Advanced Data Science for Evaluators Training Course

Advanced Data Science for Evaluators Training Course


NB: HOW TO REGISTER TO ATTEND

Please choose your preferred schedule and location from Nairobi, Kenya; Mombasa, Kenya; Dar es Salaam, Tanzania; Dubai, UAE; Pretoria, South Africa; or Istanbul, Turkey. You can then register as an individual, register as a group, or opt for online training. Fill out the form with your personal and organizational details and submit it. We will promptly process your invitation letter and invoice to facilitate your attendance at our workshops. We eagerly anticipate your registration and participation in our Skill Impact Trainings. Thank you.

Course Date Duration Location Registration

Advanced Data Science for Evaluators Training Course

Course Introduction

Advanced Data Science for Evaluators has become a critical discipline in modern monitoring, evaluation, research, and evidence-based decision-making. Governments, development agencies, humanitarian organizations, non-governmental organizations, research institutions, and private sector organizations increasingly rely on advanced data science methodologies to generate insights, evaluate program performance, predict outcomes, measure impact, and improve accountability. The integration of data science techniques such as machine learning, predictive analytics, artificial intelligence, big data analytics, geospatial analysis, and advanced statistical modeling has transformed how evaluators design studies, analyze complex datasets, and communicate findings for policy and program improvement.

This Advanced Data Science for Evaluators Training Course provides participants with comprehensive knowledge and practical skills in data science concepts, analytical frameworks, machine learning applications, predictive modeling, data visualization, and evidence generation methodologies.

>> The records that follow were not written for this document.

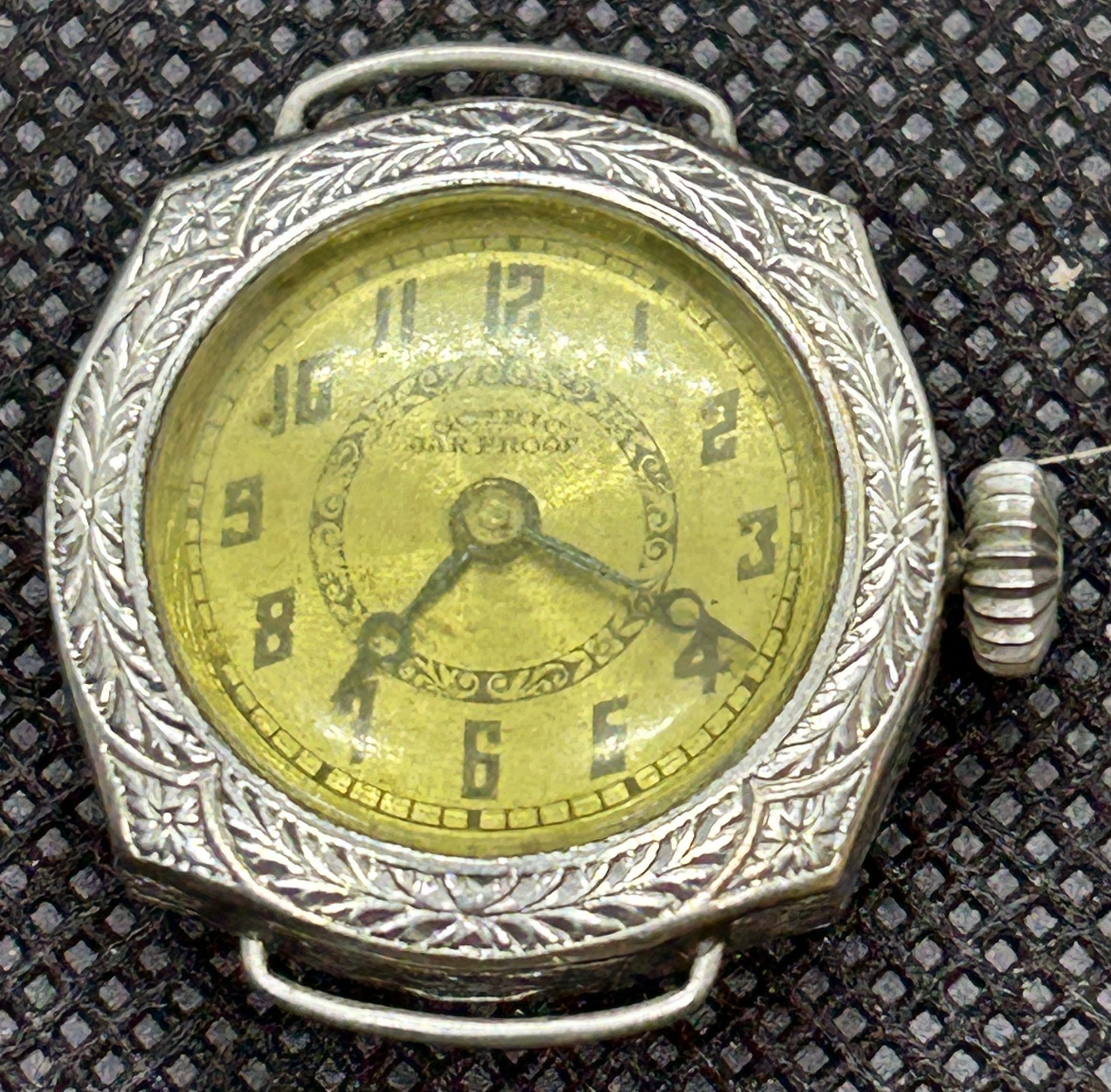 Circa 1920, Art Deco era. It is in good working order, with a clean movement. Ornately chased case is plated in 19 1/2 carat gold. An early wristwatch, with elements that resemble period pocket watches [watchmakers were still figuring out design]. Good overall condition.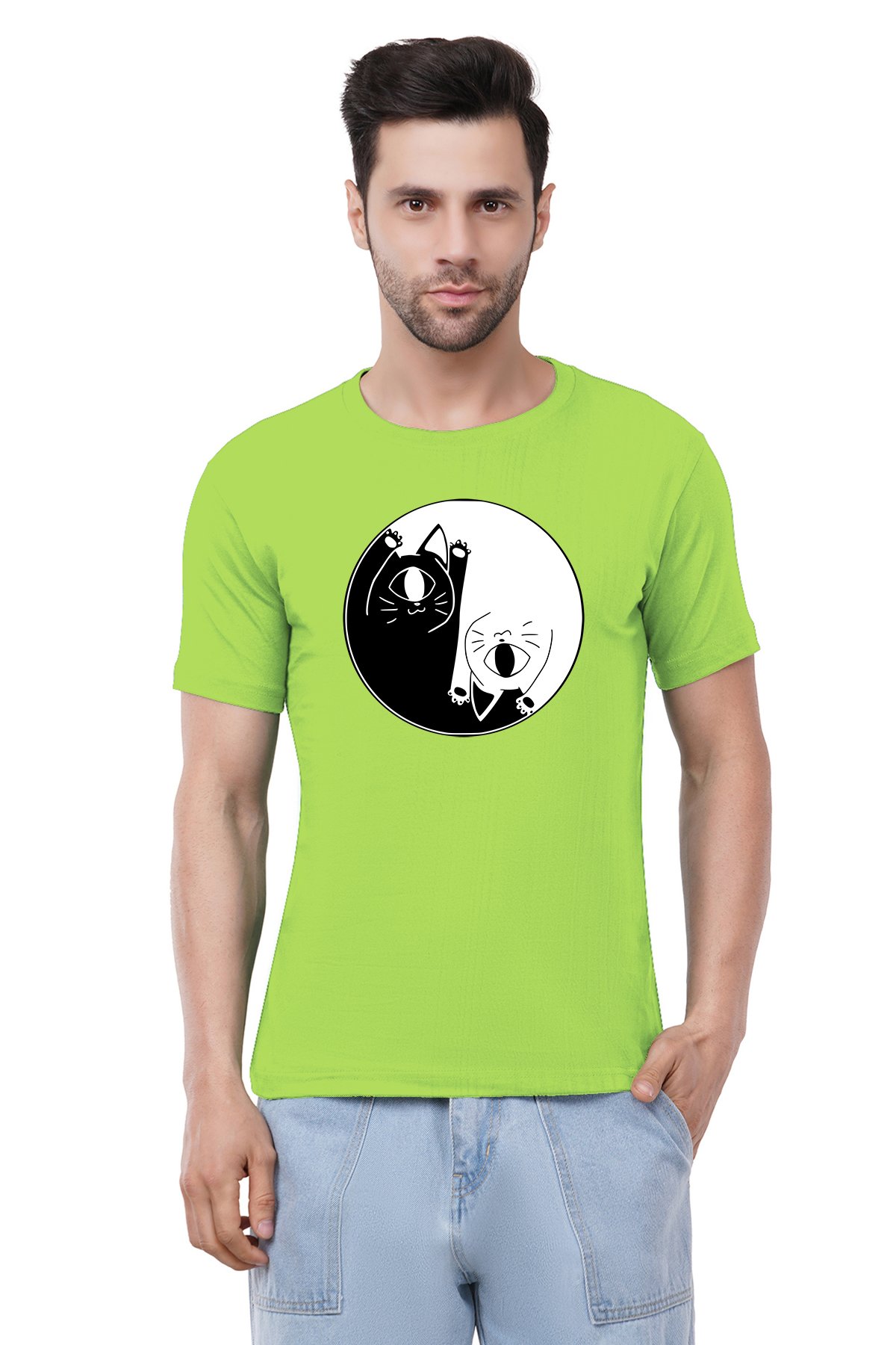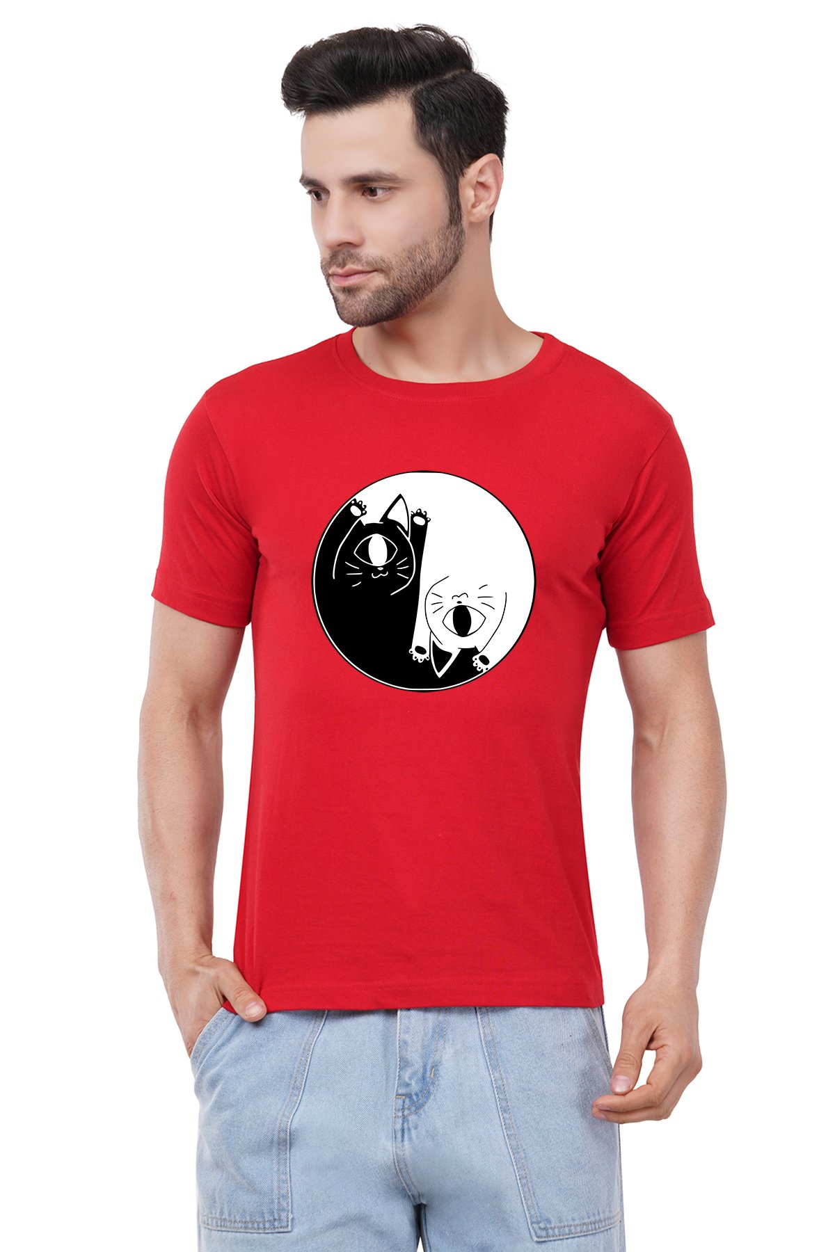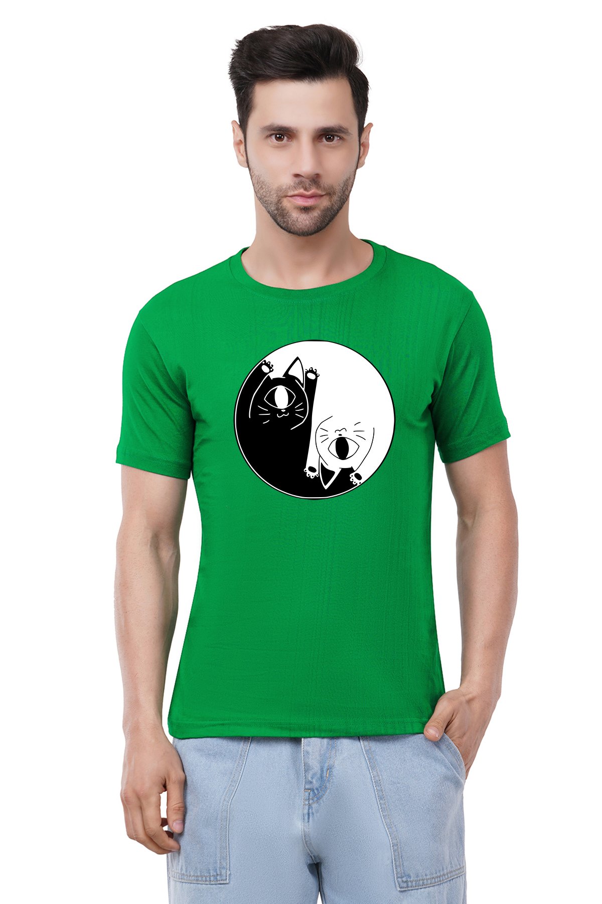 Caseria Men's Cotton Graphic Printed Half Sleeve T-Shirt - Cat One Eye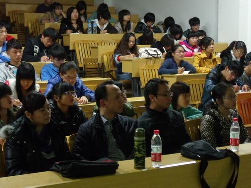 12月8日晚,柳州桂中海迅物流股份有限公司曾锴经理、韦炜工程师应邀在博文楼110多媒体教室给2012级物流管理专业4个新生班级的同学作了“汽车物流人才需求”的专题讲座,企业专家在讲座中介绍了柳州桂中海迅物流股份有限公司配送中心的情况,结合配送流程介绍了汽车零部件配送中心工作内容及岗位设置与岗位要求,分析了物流人才需求,并就同学们关心的问题进行了互动探讨。通过此次2012级物流管理专业入门教育的系列活动,走出去到现场参观,请专家进学校来作讲座,加深了新同学对本专业的初步认识和专业技术实际应用情况,增加了同学们对知识渴望与技能学习的兴趣。(文/刘晓芳 图/王浩澂)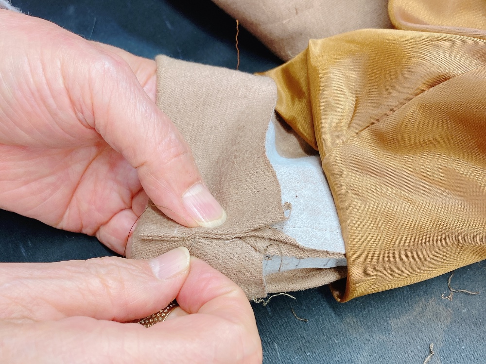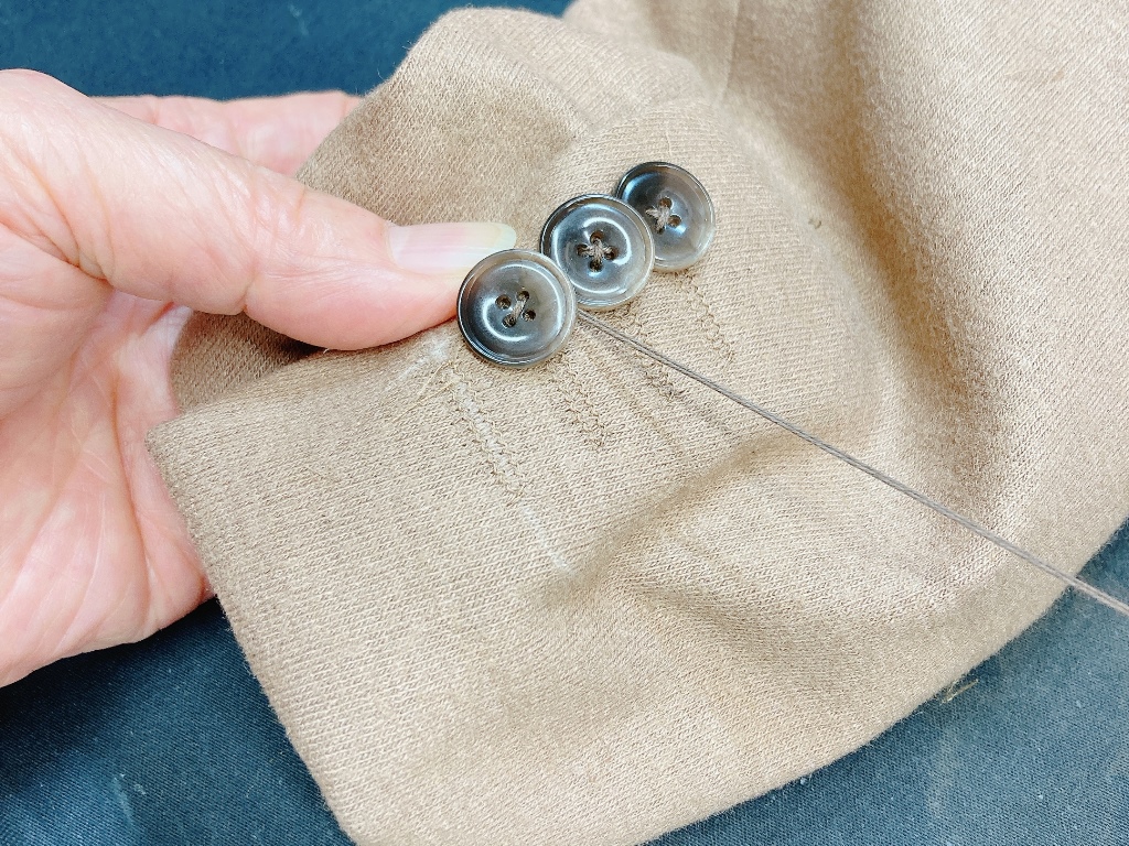 ➪袖丈をカットしたあと、元のデザイン通りに作り直していきます。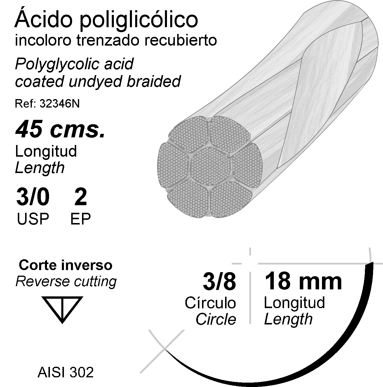ACIDO POLIGLICOLICO (SSA 90) 3/0, INCOL. 45CM 1AG. 3/8CIRC. TRIANG. 18MM (TB-15)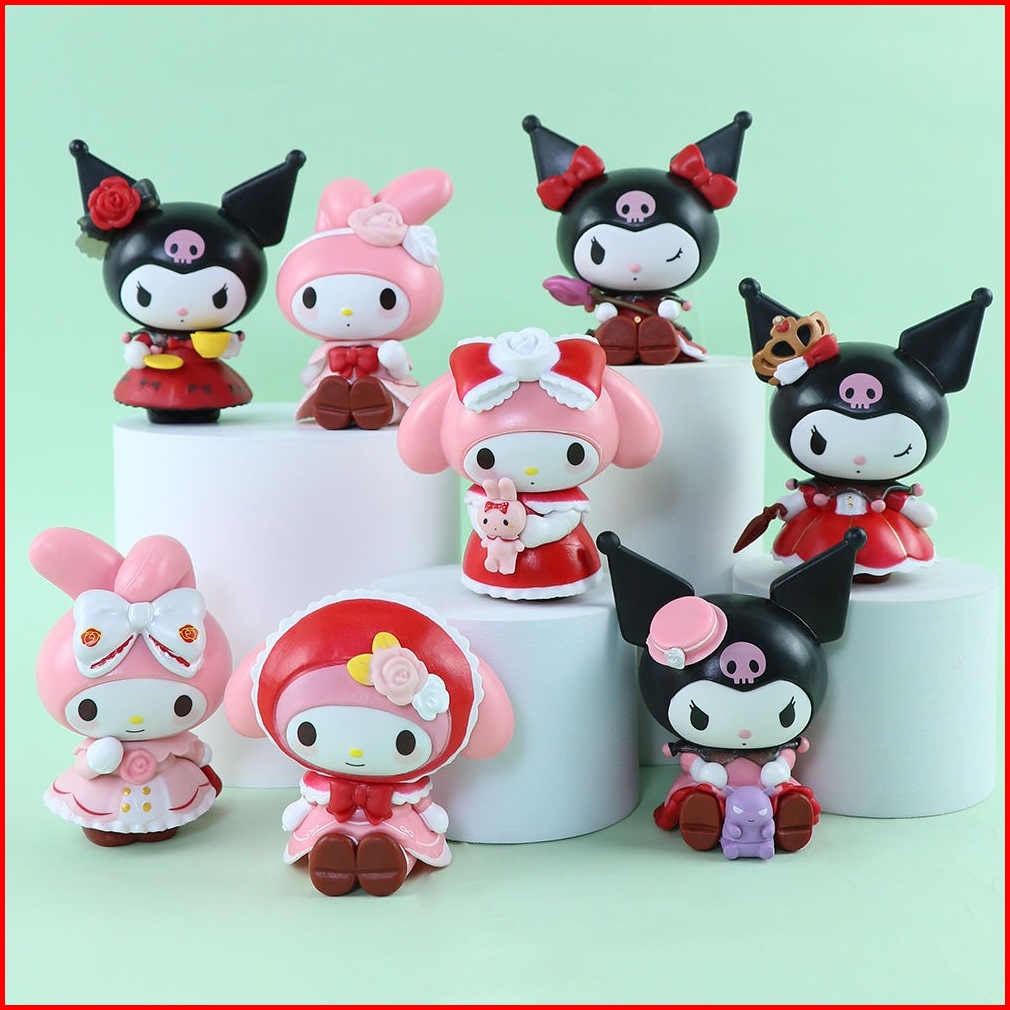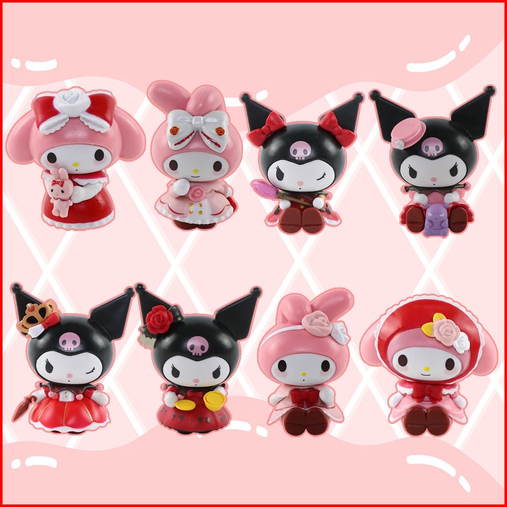 Set 8 Pcs Pajangan Action Figure Kuromi Melody Karakter Sanrio Blind Box Topper Cake Hadiah
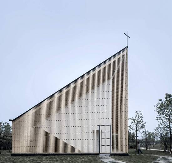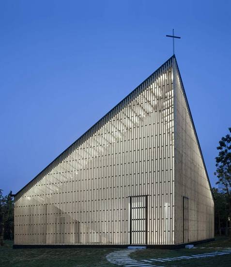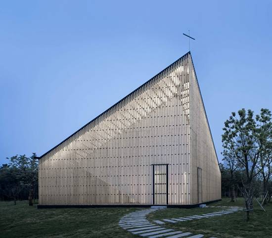 在南京黄浦江的万景花园有一座200平方米的小教堂。由南京协和神学院的牧师主持,它支持宗教崇拜和婚礼服务等活动。这种钢木结构教堂使温和的外部形态以及强大的内部空间充满了神秘的宗教力量。质朴的材料表达不出微妙的建构逻辑。 万景花园教堂的设计,建筑师没有全权反对经典空间次序的“集中式”和“深度”。从平面图看,建筑拥有一个八角形中央大厅,四周围绕方形走廊。立面图中,屋顶形态和狭长天窗的作用扩张了空间进深,也强调了神圣空间上方轴线交汇的至高点。

The course covers data management, programming for analytics, statistical computing, data mining, artificial intelligence applications, advanced evaluation designs, causal inference techniques, forecasting models, and data-driven decision support systems. Participants will gain practical competencies in transforming large and complex datasets into actionable evidence that supports strategic planning, organizational learning, and performance improvement.

The training emphasizes the application of advanced data science techniques in monitoring and evaluation systems, impact assessment, policy analysis, program performance monitoring, and development planning. Participants will learn how to integrate quantitative and qualitative data sources, build predictive models, apply advanced statistical methods, utilize machine learning algorithms, and create interactive dashboards and analytical reports that enhance organizational accountability and adaptive management.

Through practical exercises, simulations, hands-on projects, real-world case studies, and collaborative group assignments, participants will develop the technical and analytical capabilities necessary to implement advanced data science methodologies in evaluation practice. The course equips professionals with competencies to design robust analytical systems, perform sophisticated evaluations, generate predictive insights, and support evidence-based decision-making in complex organizational and development environments.

Course Objectives

Upon completion of this course, participants will be able to:

1.     Understand advanced data science principles and applications in evaluation.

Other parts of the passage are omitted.